Select Ignore error on this step to suppress step failure and continue processing in case of error.
Tip
Delete files, Copy files, Move files and optionally List files use wildcard characters to specify the desired file sequence:
Character | Matches | Example |
---|---|---|
| Any number of characters in the same position as the asterisk. | MyData_*.dbf matches
|
? (question mark) | Any single character in the same position as the question mark. | MyData_?.dbf matches |
Reader
The Reader step reads an input data file or database, and presents the results on its "D" staging connector. Supported input formats are DLD, DBF, CSV, Flat, XML, or RDBMS.
If you select a CSV, Text, or XML input, you'll also need to specify a repository schema that defines the input configuration. Schemas are separately-defined file formats that are stored in the repository.
If you select an RDBMS input, you'll need to specify a data connection. Data connections are separately-defined RDBMS connection configurations that are stored in the repository.
Configuring a Reader step:
Select the Reader step, and then go to the Configuration tab on the Properties pane.
Select the Input type.
Define input settings:
Input type | Settings |
---|---|
DLD, DBF | Browse to desired Input file. |
CSV, Text, XML |
|
RDBMS |
|
Optionally, select the Execution tab and set execution options:
Select Skip to bypass this step at run time. Do not leave this option enabled in production environments.
Select Ignore error on this step to suppress step failure and continue processing in case of error.
SQL
The SQL step connects to a RDBMS and executes one or more SQL statements that do not involve fetching records.
The SQL tool does not perform any type of data flow. Rather, you select a repository data connection and then configure SQL statements to execute. Typically these are stored procedures or other transformational statements. For example, you might want to access a stored procedure to move a group of records between tables.
Configuring an SQL step:
Select the SQL step, and then go to the Configuration tab on the Properties pane.
Select a repository Data connection.
In the Statement grid, select a row and then define an SQL statement:
Enter an SQL statement in the SQL Statement box.
Optionally, select Ignore SQL errors to suppress reporting of SQL errors.
Repeat step 3 to define additional SQL statements. Statements are executed in the order in which they are listed in the grid. To change this order, select a statement, and then select the icon or the icon.
Optionally, select the Execution tab and set execution options:
Select Skip to bypass this step at run time. Do not leave this option enabled in production environments.
Select Ignore error on this step to suppress step failure and continue processing in case of error.
Writer
The Writer step writes a data file or RDBMS table using data from the "D" staging input connector. Supported output formats are DLD, DBF, CSV, Flat, XML, or RDBMS.
If you select an RDBMS input, you'll need to specify a data connection. Automations can only operate on RDBMS inputs that have been previously defined as repository data connections.

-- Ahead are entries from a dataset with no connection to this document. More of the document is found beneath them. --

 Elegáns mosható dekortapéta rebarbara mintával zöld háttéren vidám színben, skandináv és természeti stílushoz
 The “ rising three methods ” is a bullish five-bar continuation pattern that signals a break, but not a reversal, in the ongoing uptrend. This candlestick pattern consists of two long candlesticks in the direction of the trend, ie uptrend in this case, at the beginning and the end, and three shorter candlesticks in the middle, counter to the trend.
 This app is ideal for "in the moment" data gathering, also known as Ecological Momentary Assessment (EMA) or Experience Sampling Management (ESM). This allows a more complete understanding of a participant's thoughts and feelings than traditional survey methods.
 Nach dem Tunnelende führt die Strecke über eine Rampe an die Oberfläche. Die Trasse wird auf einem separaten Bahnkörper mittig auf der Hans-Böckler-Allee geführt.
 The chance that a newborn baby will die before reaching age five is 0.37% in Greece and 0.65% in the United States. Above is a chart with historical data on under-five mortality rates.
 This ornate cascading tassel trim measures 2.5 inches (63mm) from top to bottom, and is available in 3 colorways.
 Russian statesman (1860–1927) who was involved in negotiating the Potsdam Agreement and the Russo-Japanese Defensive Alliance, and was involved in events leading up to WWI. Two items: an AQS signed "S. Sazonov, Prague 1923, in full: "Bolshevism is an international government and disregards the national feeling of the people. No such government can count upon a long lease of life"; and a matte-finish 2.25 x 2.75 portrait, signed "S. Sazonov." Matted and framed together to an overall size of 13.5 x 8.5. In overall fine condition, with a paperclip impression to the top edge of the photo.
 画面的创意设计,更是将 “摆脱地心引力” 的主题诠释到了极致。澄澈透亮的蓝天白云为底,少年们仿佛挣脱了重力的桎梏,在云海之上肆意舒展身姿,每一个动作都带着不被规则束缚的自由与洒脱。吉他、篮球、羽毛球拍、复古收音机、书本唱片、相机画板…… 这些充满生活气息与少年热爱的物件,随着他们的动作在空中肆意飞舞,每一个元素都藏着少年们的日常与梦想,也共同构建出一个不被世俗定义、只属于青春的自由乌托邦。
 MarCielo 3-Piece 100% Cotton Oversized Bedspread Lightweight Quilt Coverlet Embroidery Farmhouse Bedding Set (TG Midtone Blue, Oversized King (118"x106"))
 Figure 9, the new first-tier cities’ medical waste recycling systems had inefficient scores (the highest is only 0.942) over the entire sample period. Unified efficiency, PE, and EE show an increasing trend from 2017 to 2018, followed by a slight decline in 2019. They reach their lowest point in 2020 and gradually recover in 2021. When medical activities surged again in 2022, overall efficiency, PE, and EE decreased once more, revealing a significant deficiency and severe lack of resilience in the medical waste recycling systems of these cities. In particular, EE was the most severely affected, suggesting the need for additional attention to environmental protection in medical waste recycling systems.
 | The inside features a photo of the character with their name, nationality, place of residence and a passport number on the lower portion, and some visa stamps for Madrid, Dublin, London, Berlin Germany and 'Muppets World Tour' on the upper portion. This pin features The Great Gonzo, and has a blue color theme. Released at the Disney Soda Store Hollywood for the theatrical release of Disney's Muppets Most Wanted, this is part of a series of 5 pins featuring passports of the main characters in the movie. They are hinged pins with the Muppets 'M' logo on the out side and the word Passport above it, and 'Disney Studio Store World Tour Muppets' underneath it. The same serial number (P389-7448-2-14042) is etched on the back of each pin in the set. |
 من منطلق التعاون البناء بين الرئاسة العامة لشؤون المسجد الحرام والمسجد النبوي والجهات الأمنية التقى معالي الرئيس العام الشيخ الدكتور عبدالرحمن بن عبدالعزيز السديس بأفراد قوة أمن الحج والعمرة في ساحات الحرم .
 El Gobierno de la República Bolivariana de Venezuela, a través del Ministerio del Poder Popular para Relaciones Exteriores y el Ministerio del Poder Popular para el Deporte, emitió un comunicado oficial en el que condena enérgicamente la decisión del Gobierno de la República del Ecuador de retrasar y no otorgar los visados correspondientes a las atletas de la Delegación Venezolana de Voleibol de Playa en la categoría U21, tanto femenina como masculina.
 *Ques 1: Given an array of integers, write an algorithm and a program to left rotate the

Configuring a Writer step:
Select the Writer step, and then go to the Configuration tab on the Properties pane.
Select the Output type.
Define output settings:
Output type | Settings |
---|---|
DLD, DBF | Browse to desired Output file. |
CSV, Text (flat), XML |
Note that file splitting is not supported. |
RDBMS |
|
Optionally, select the Execution tab and set execution options:
Select Skip to bypass this step at run time. Do not leave this option enabled in production environments.
Select Ignore error on this step to suppress step failure and continue processing in case of error.